# Water In Rolled-up Awning



## shelty

Read this suggestion posted on the Good Sam Site. 
_"When parked with the awning up, you can used a plastic liter soda bottle. Keep the cap on, cut off the bottom, and with a razor knife cut a slice up one side. Slide the plastic bottle over the end of the awning to keep the wind blowing rain inside the ends." _ Guess it would help keep water from getting in, although the water which gets in hasn't caused me any problems with my tarp up to this point. Wondering what others think about this simple suggestion???


----------



## CamperAndy

I think it is a non issue for the awning. You may find a little mold when coming out of storage but this is easily cleaned up. I think most of the water that gets in when the awning is stowed is when you drive in the rain.


----------



## Nathan

I might try it, but I'd have to have a ladder to get to the awning and that sounds like a lot of work. We always have some water in the awning. I find it annoying and would love a solution, but one that doesn't require too much work.


----------



## battalionchief3

Mine does that. Its annoying but I cant see me getting a ladder out to do that. Actually I think thats how my awning started to unroll it self going down the road. It was early spring, we headed to GA and got to NC when someone pointed back to the camper and I saw about a 3 foot section of awning flapping. It started to unroll, just the rear section. So I stopped, said a few choice words, unrolled the awning and rolled it back up. It was wet when I unrolled it. I figured it being wet and temperature changes allowed it to get a little loose. After driving and passing tractor trailers the wind got in their and allowed it to slip on itself and pulled it loose. It didn't tear off, just some tears in the fabric from flapping. Awning tape works well.......Now I unroll it and roll it back up prior to leaving so its dry and tight. Some one feel free to tell me if I'm crazy for thinking this.....


----------



## Scoutr2

battalionchief3 said:


> Mine does that. Its annoying but I cant see me getting a ladder out to do that. Actually I think thats how my awning started to unroll it self going down the road. It was early spring, we headed to GA and got to NC when someone pointed back to the camper and I saw about a 3 foot section of awning flapping. It started to unroll, just the rear section. So I stopped, said a few choice words, unrolled the awning and rolled it back up. It was wet when I unrolled it. I figured it being wet and temperature changes allowed it to get a little loose. After driving and passing tractor trailers the wind got in their and allowed it to slip on itself and pulled it loose. It didn't tear off, just some tears in the fabric from flapping. Awning tape works well.......Now I unroll it and roll it back up prior to leaving so its dry and tight. Some one feel free to tell me if I'm crazy for thinking this.....

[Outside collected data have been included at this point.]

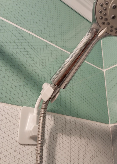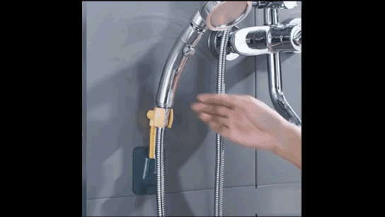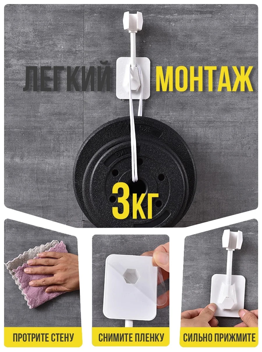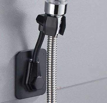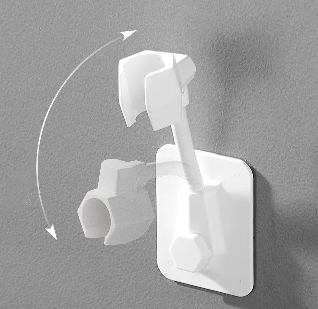 Больше нет необходимости сверлить стену. Надежная фиксация за счет самоклеящейся пластины, выдерживает нагрузку до 5 кг. Кронштейн для душа имеет два дополнительных крючка для ванных принадлежностей.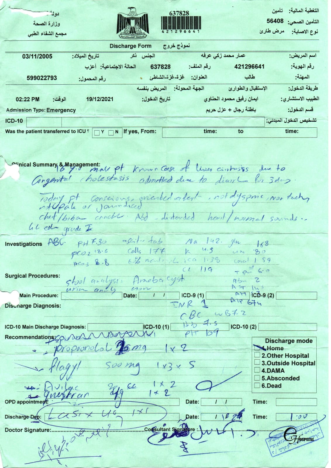 وأضاف عدنان المقيم بمخيم اللاجئين، الشاطئ، بمدينة غزة في فلسطين: عمار يعاني من مرض مزمن يتمثل في تليف كامل للكبد، إذ توقف عن العمل بشكل تام، وهو مرض مصاحب له منذ ولادته، والآن دخل مرحلة الخطر، والتي تنذر بفقدانه لا قدر الله.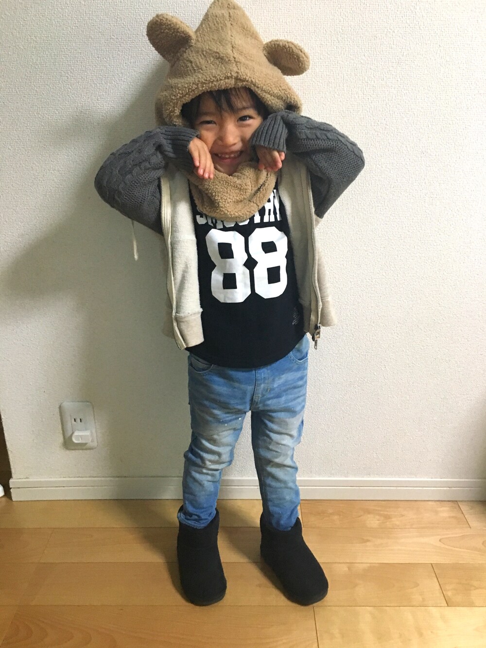 ご覧頂きありがとうございます♡ いいね、お気に入り、フォローも 嬉しいです♡ 雨の日で暇だったんでコーデをパチリ📷 ニセTALCでニセタルクマ笑 オバケ👻ポーズだそうです😂 インスタ→@yyuk_kii よかったら見てください♡

This is exactly why I bought the RV Awning Clamp from Camping World last season. We saw the same thing happen to someone alongside the interstate when returning from Wisconsin Dells. But that guy lost the whole thing. The awning was completely torn loose from the trailer.

It is a little pricey ($43 Club price - $48 otherwise), but it installs and operates easily and is much less expensive than new awning fabric. I no longer worry about this fiasco happening to me.

Just my opinion.

And as for water getting inside the awning, it happens every time it rains - even with the awning rolled up. The only way I know of to stop it is to replace it with one that has the aluminum box-type storage for when the awning is rolled up. The soda bottle thing might work, but you gotta climb a ladder to put them on and take them off. I usually clean the awning each spring by spraying it with a solution of Simple Green soap and bleach, roll it up and let it sit for about 20 minutes, then unroll, scrub with a long-handled brush (for the stubborn stains), then rinse. that makes it look like a new awning each year!

Mike


----------



## Nathan

Scoutr2 said:


> ...
> This is exactly why I bought the RV Awning Clamp from Camping World last season. We saw the same thing happen to someone alongside the interstate when returning from Wisconsin Dells. But that guy lost the whole thing. The awning was completely torn loose from the trailer.
> 
> It is a little pricey ($43 Club price - $48 otherwise), but it installs and operates easily and is much less expensive than new awning fabric. I no longer worry about this fiasco happening to me.
> 
> Just my opinion.
> ...
> Mike


I got one of those also. Had one on the OB, and installed one on the 5'er as well. The other thing they do is help to keep the awning fron sagging because they provide a little support for it.


----------



## jdpm

The class A I had prior came with the aluminum encased awning covers. That is the only way I know of to avoid the awnings collecting water. 
I always try to roll it up dry and 99% of the time roll it up the night prior to breaking camp to avoid dampness. 
The eaisiet way I have found to clean it is to spray both sides of the awning at night before bed and then roll it up. Then the next morning, roll-out the awning and hose it off. Worlks really well. I use full strength Simple Green. It then has all day to dry. jdpm


----------



## tdvffjohn

The awning getting wet while folded up is one of those, not gonna worry about, things. No harm in it and washing an extra time or two is easier than trying to keep it dry which I think is impossible.


----------



## battalionchief3

When I replace it I want to get one of the aluminum end roll up style. We have one on out Hazmat truck at work and it really protects the awing. It would protect it form passing tree branches and sun fade for sure. I can only imagine that constantly exposed strip of awing will fade and fall apart first since its always in the sun, rolled up or not.


----------



## ALASKA PFLOCK

Mr. Clean works every time!


----------